• _What you have to do_: Nothing but the lines below from the one with "A striking deciduous" through the one with "handpainted carved wood" should be output, each exactly as given, and no pictures.

START Extracted data

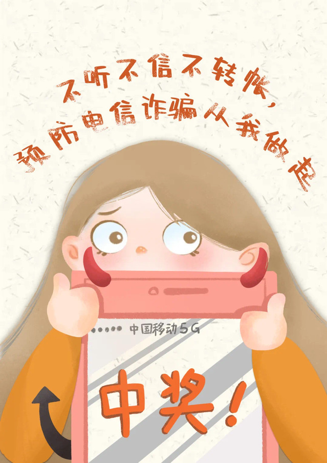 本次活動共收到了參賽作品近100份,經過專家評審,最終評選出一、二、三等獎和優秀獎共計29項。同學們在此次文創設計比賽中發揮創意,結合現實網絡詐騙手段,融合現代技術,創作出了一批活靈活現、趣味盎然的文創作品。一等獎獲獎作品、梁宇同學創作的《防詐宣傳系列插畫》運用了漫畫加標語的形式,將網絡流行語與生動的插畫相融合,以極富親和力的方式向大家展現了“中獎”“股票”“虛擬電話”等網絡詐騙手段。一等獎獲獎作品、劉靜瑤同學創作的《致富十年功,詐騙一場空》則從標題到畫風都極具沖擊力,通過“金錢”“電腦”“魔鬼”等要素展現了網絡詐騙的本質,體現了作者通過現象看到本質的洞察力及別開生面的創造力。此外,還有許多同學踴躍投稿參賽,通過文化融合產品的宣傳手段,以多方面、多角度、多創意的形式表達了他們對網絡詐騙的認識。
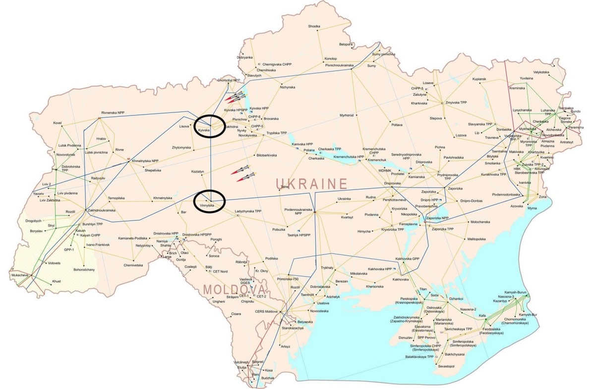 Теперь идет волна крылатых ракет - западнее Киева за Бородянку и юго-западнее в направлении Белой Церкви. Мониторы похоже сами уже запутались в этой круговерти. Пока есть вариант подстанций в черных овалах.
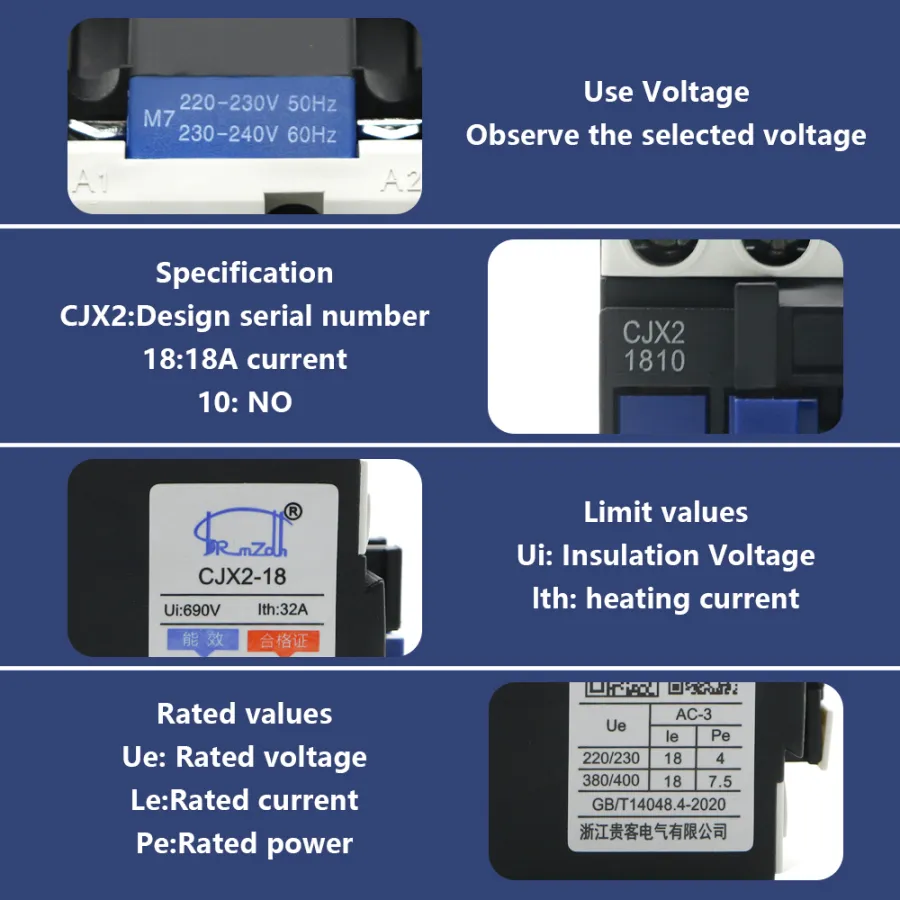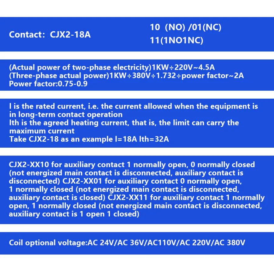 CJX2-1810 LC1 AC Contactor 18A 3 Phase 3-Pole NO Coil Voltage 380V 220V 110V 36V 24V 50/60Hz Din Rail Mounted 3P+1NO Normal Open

END Extracted data
START Extracted data

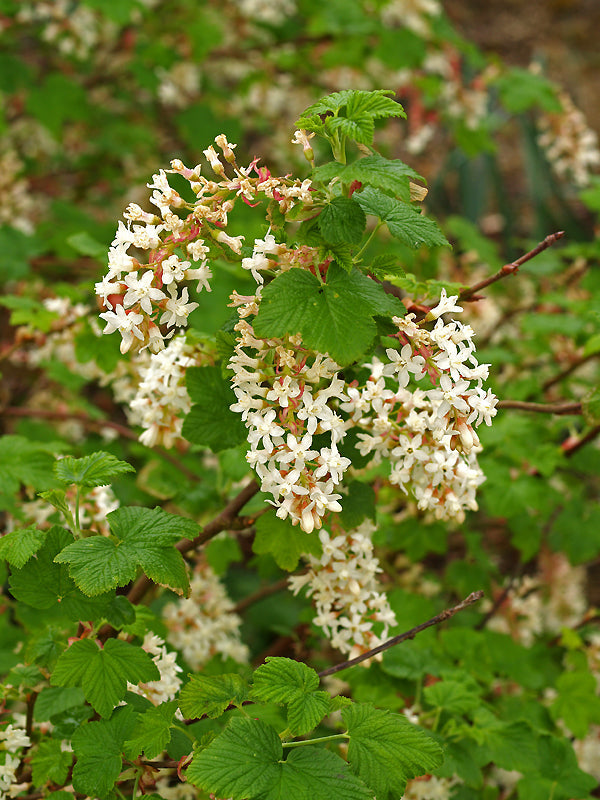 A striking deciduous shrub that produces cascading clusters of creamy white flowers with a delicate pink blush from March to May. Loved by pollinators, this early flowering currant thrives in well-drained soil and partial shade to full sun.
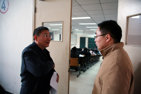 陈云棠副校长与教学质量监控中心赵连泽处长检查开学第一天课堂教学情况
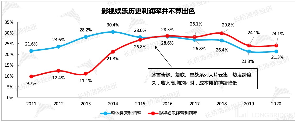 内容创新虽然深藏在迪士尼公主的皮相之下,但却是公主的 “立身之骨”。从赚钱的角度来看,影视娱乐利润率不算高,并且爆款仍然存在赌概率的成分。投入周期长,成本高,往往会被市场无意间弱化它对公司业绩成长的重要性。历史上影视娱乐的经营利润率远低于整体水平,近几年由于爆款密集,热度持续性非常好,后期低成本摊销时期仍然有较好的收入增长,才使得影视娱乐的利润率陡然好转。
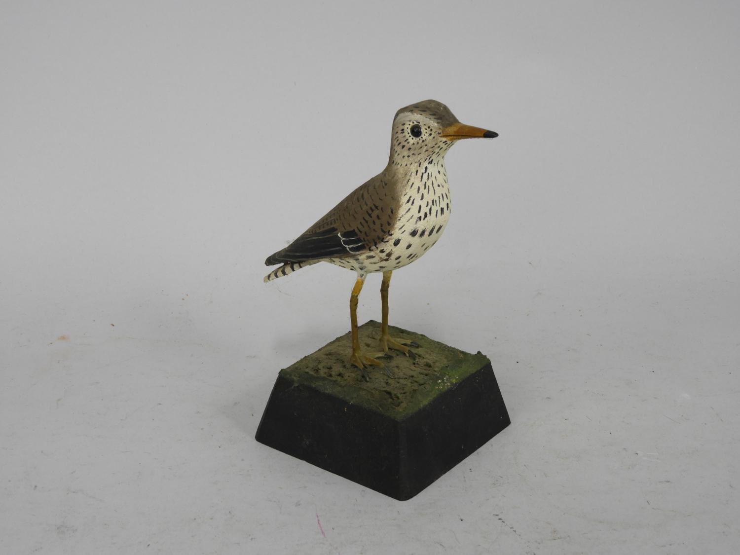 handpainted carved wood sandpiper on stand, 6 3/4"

END Extracted data

• _Solved exercise_:
 A striking deciduous shrub that produces cascading clusters of creamy white flowers with a delicate pink blush from March to May. Loved by pollinators, this early flowering currant thrives in well-drained soil and partial shade to full sun.
 陈云棠副校长与教学质量监控中心赵连泽处长检查开学第一天课堂教学情况
 内容创新虽然深藏在迪士尼公主的皮相之下,但却是公主的 “立身之骨”。从赚钱的角度来看,影视娱乐利润率不算高,并且爆款仍然存在赌概率的成分。投入周期长,成本高,往往会被市场无意间弱化它对公司业绩成长的重要性。历史上影视娱乐的经营利润率远低于整体水平,近几年由于爆款密集,热度持续性非常好,后期低成本摊销时期仍然有较好的收入增长,才使得影视娱乐的利润率陡然好转。
 handpainted carved wood sandpiper on stand, 6 3/4"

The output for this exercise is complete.